2025-08-26T12:16:36.420260Z 0 [System] [MY-011490] [Repl] Plugin group_replication reported: 'This server was declared online within the replication group.'
2025-08-26T12:16:37.171799Z 60 [System] [MY-014010] [Repl] Plugin group_replication reported: 'Plugin 'group_replication' has been started.'
2025-08-26T12:20:47.106794Z 62 [System] [MY-015046] [Repl] Plugin group_replication reported: 'This member gr2n:3306 will be the one sending the recovery metadata message.'
2025-08-26T12:20:47.107071Z 0 [System] [MY-011507] [Repl] Plugin group_replication reported: 'A new primary with address gr2n:3306 was elected.

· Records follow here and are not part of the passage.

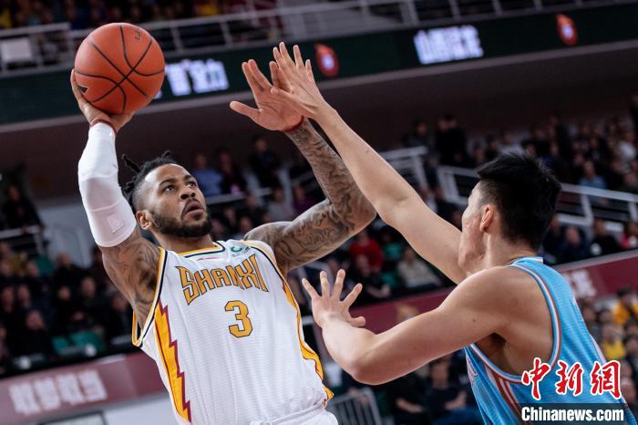 山西汾酒股份队球员莫兰德(白)在比赛中投篮。 韦亮 摄
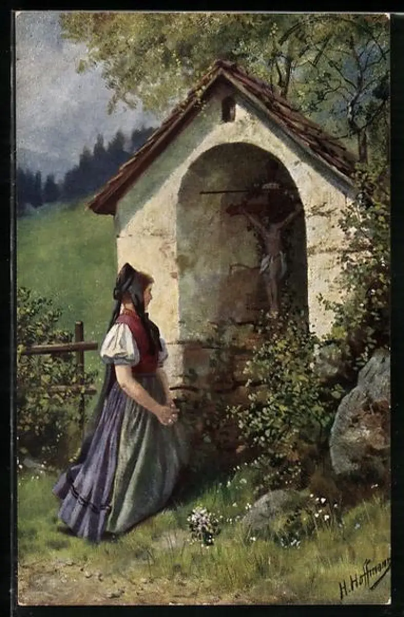 Künstler-AK Heinrich Hoffmann: junge Frau am Bildstöckl
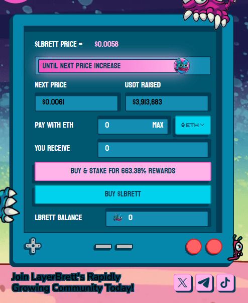 在加密货币领域,一个名为Layer Brett ($LBRETT)的新兴项目正引发热议。作为以太坊Layer 2上的meme币,它凭借闪电般的交易速度和663%的超高质押年化收益脱颖而出。目前预售阶段已筹集400万美元,代币价格仅0.0058美元,其独特的技术架构与社区驱动模式让投资者期待它在2025年牛市中的表现。
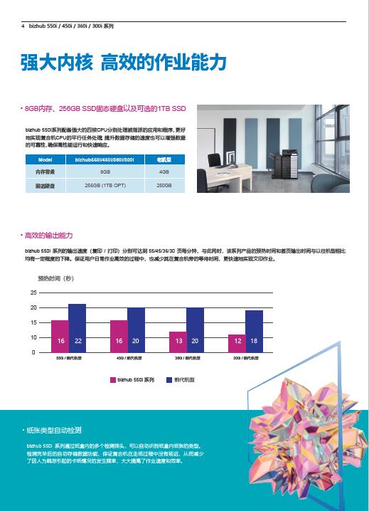 高端配置,满足多样化需求:标准自动输稿器;重叠进稿检测;电子纠偏功能;丰富的选购纸盒

The new primary will execute all previous group transactions before allowing writes.'
2025-08-26T12:20:47.107949Z 0 [System] [MY-011503] [Repl] Plugin group_replication reported: 'Group membership changed to gr2n:3306, gr1n:3306 on view 17561322338507168:17.'
2025-08-26T12:20:47.384494Z 78 [System] [MY-011565] [Repl] Plugin group_replication reported: 'Setting super_read_only=ON.'
2025-08-26T12:20:47.385461Z 70 [System] [MY-013731] [Repl] Plugin group_replication reported: 'The member action "mysql_disable_super_read_only_if_primary" for event "AFTER_PRIMARY_ELECTION" with priority "1" will be run.'
2025-08-26T12:20:47.385696Z 70 [System] [MY-011566] [Repl] Plugin group_replication reported: 'Setting super_read_only=OFF.'
2025-08-26T12:20:47.386028Z 70 [System] [MY-013731] [Repl] Plugin group_replication reported: 'The member action "mysql_start_failover_channels_if_primary" for event "AFTER_PRIMARY_ELECTION" with priority "10" will be run.'
2025-08-26T12:20:47.386923Z 78 [System] [MY-013820] [Repl] Plugin group_replication reported: 'The member gr2n:3306, with UUID: 9ee52ca9-81c3-11f0-95a1-08002757f75b, was set as the single preferred consensus leader.'
2025-08-26T12:20:47.389200Z 78 [System] [MY-011510] [Repl] Plugin group_replication reported: 'This server is working as primary member.'
2025-08-26T12:20:47.893099Z 0 [Warning] [MY-014069] [Repl] Plugin group_replication reported: 'Member identified by the Gcs_member_identifier: '192.168.4.83:33061' does not exist on Group Replication membership during REACHABLE/UNREACHABLE notification from group communication engine.'
2025-08-26T12:20:47.893275Z 0 [Warning] [MY-011493] [Repl] Plugin group_replication reported: 'Member with address gr1n:3306 has become unreachable.'
2025-08-26T12:20:48.256090Z 0 [Warning] [MY-011499] [Repl] Plugin group_replication reported: 'Members removed from the group: gr1n:3306'
2025-08-26T12:20:48.256307Z 0 [System] [MY-011503] [Repl] Plugin group_replication reported: 'Group membership changed to gr2n:3306, gr3n:3306 on view 17561322338507168:18.'
where we can see that the node first join as secondary, then when the gr1n node try to join the group replication with wrong ID, the gr2n node become Primary because it think:
```'Member identified by the Gcs_member_identifier: '192.168.4.83:33061' does not exist on Group Replication membership during REACHABLE/UNREACHABLE notification from group communication engine.'```
While gr3n is there and fine is g1n with the wrong UUID that failed.
to recover just STOP/START group_replication will do:
+---------------------------+--------------------------------------+-------------+-------------+--------------+-------------+----------------+----------------------------+
| CHANNEL_NAME | MEMBER_ID | MEMBER_HOST | MEMBER_PORT | MEMBER_STATE | MEMBER_ROLE | MEMBER_VERSION | MEMBER_COMMUNICATION_STACK |
+---------------------------+--------------------------------------+-------------+-------------+--------------+-------------+----------------+----------------------------+
| group_replication_applier | 9ee52ca9-81c3-11f0-95a1-08002757f75b | gr2n | 3306 | ONLINE | SECONDARY | 8.4.6 | XCom |
| group_replication_applier | a11b7ea6-81be-11f0-a64c-08002757f75b | gr3n | 3306 | ONLINE | PRIMARY | 8.4.6 | XCom |
+---------------------------+--------------------------------------+-------------+-------------+--------------+-------------+----------------+----------------------------+
Suggested fix:
What should happen is that the nodes should be able to manage the case of having a node joining with the wrong UUID, without ending up in a multy primary state.